The thresholds below are warning signs, not automatic failures. Exceeding a threshold means "look harder at whether this works" — not "score it low."

## Perceptual Risks

### 1. Cognitive Overload (Working Memory)
Humans hold 4-7 chunks in working memory. Dashboards with many independent linked views can exceed this.

- **Warning sign:** 5+ independent views that all update on every interaction
- **But it depends:** Are the views truly independent, or do they form natural groups? A SPLOM's 16 cells are one conceptual unit, not 16 separate views. A crossfilter with 3 histograms is manageable. A dashboard with 8 unrelated charts is not.
- **What to check in the screenshot:** Can you track a brushing change across all views without losing your place? Does the layout group related views together?

### 2. Animation Congruence
Transitions should help the viewer maintain object constancy, not create visual noise.

- **Warning sign:** 100+ elements moving in different directions simultaneously; force layouts that reheat on every filter
- **But it depends:** Staged transitions (exit → update → enter) can handle large element counts. The question is whether the animation helps you track what changed or just looks like a swarm of bees.
- **What to check in the screenshot:** N/A for static screenshots. Note when a block is animation-heavy and flag that perceptual evaluation is limited without seeing it in motion.

### 3. Network Density (Spaghetti Threshold)
Node-link diagrams are the most common perceptual failure in D3.

- **Warning sign:** Force layout with 50+ nodes and high edge density
- **But it depends:** Are there visible clusters? Does edge bundling or opacity manage the density? Can you identify a hub or community without hovering every node? A 100-node network with clear clusters reads fine. A 30-node network where every node connects to every other is a hairball.
- **What to check in the screenshot:** Can you identify structure (clusters, hubs, paths) at a glance, or does it read as a tangle?

### 4. Color Overload
Too many categorical colors makes visual search slow and error-prone.

- **Warning sign:** 8+ distinct hues in a categorical palette
- **But it depends:** Are all categories visible simultaneously, or does interaction highlight one at a time? Are the colors perceptually distinct? A 12-color legend where you hover to highlight one category at a time is fine. A 12-color scatter with no interaction is not.
- **What to check in the screenshot:** Can you match a legend entry to its marks in under 3 seconds?

### 5. Small Multiples Overload
Too many panels shifts from comparison to lookup.

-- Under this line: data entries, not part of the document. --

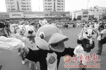 在13日啤酒节的开幕仪式上,一支由21届啤酒节所有吉祥物组成的巡游队伍引起了不少游客的注意。这21位吉祥物的扮演者全部是学生,其中最大的也不过20周岁,最小的只有17岁,今年刚刚被青岛理工大学录取。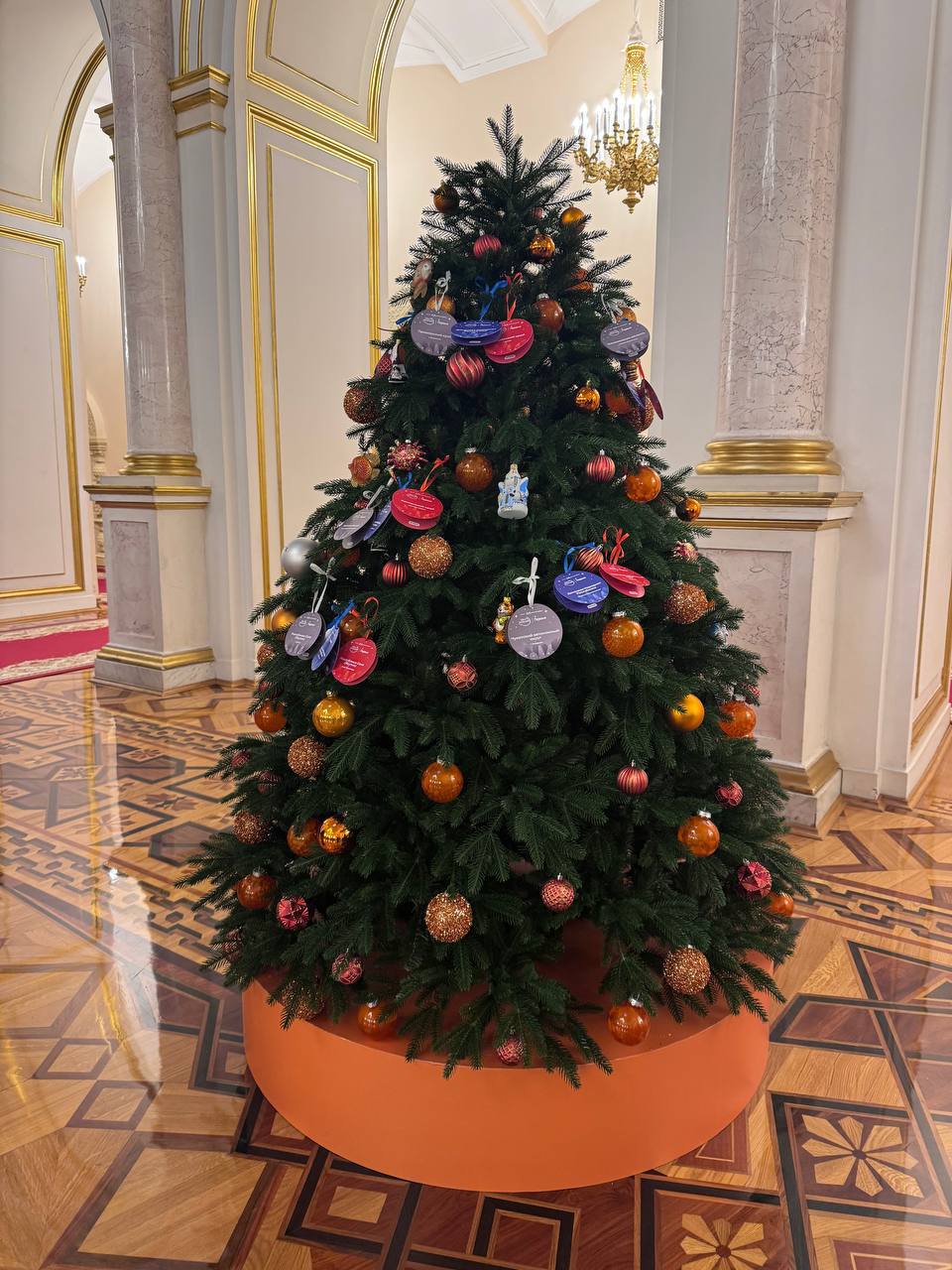 В Москве перед Госсоветом губернатор снял с праздничной ёлки пожелания Николая и Александра из Великого Новгорода, а также Миланы из Энергодара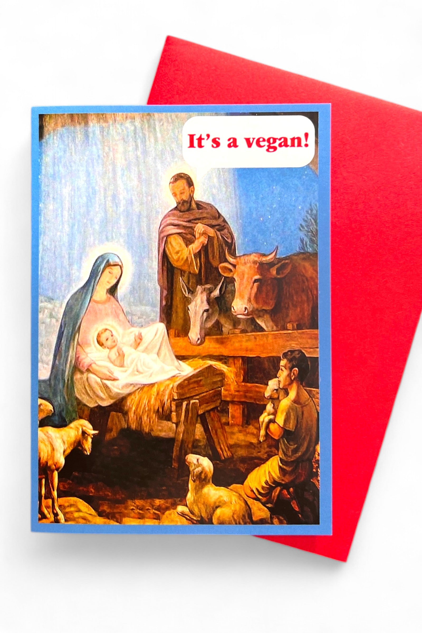 This amusingly card could be an ideal Christmas card to send to your favourite vegan. This card is made of sustainable card and designed in the UK. The card is blank inside with an bright red envelope included.

- **Warning sign:** 20+ panels on screen simultaneously
- **But it depends:** Are the panels small enough that the grid reads as a pattern? Do they share axes so comparison is easy? Sparkline grids can work at 50+. Full charts with independent axes break at 8.
- **What to check in the screenshot:** Can you compare adjacent panels, or do you need to memorize values to compare?

## Reporting Format

For each visualization:

1. **Structural counts:** views, categories, nodes/edges, animation targets (from code)
2. **Screenshot assessment:** Does it actually feel overwhelming? One sentence.
3. **Score:** 1-10. A perceptually clear visualization scores high regardless of complexity. A confusing one scores low regardless of simplicity.
4. **Risks identified:** Specific perceptual risks with enough detail to act on
5. **Note limitations:** Flag when animation/interaction quality can't be assessed from a static screenshot

## Example Critique

**Block: linked-scatterplot-matrix (screenshot reviewed)**

> **Structural counts:** 16 cells (4×4 SPLOM), 3 categories, ~150 points per cell, brush linking across all cells.
> **Screenshot assessment:** Readable. The three-color palette separates cleanly, cells are large enough to see point distributions, and the diagonal KDE panels break up the grid.
> **Score: 7** — The 16-cell count is high but the SPLOM is a single conceptual unit with consistent encoding across cells. The viewer compares adjacent cells, not all 16 simultaneously. Color separation is strong enough for the 3-category case. Would break down with more categories or smaller cells.
> **Risks:** At smaller viewport sizes the cells would become too small to read point positions — this is near the minimum viable cell size for a scatter.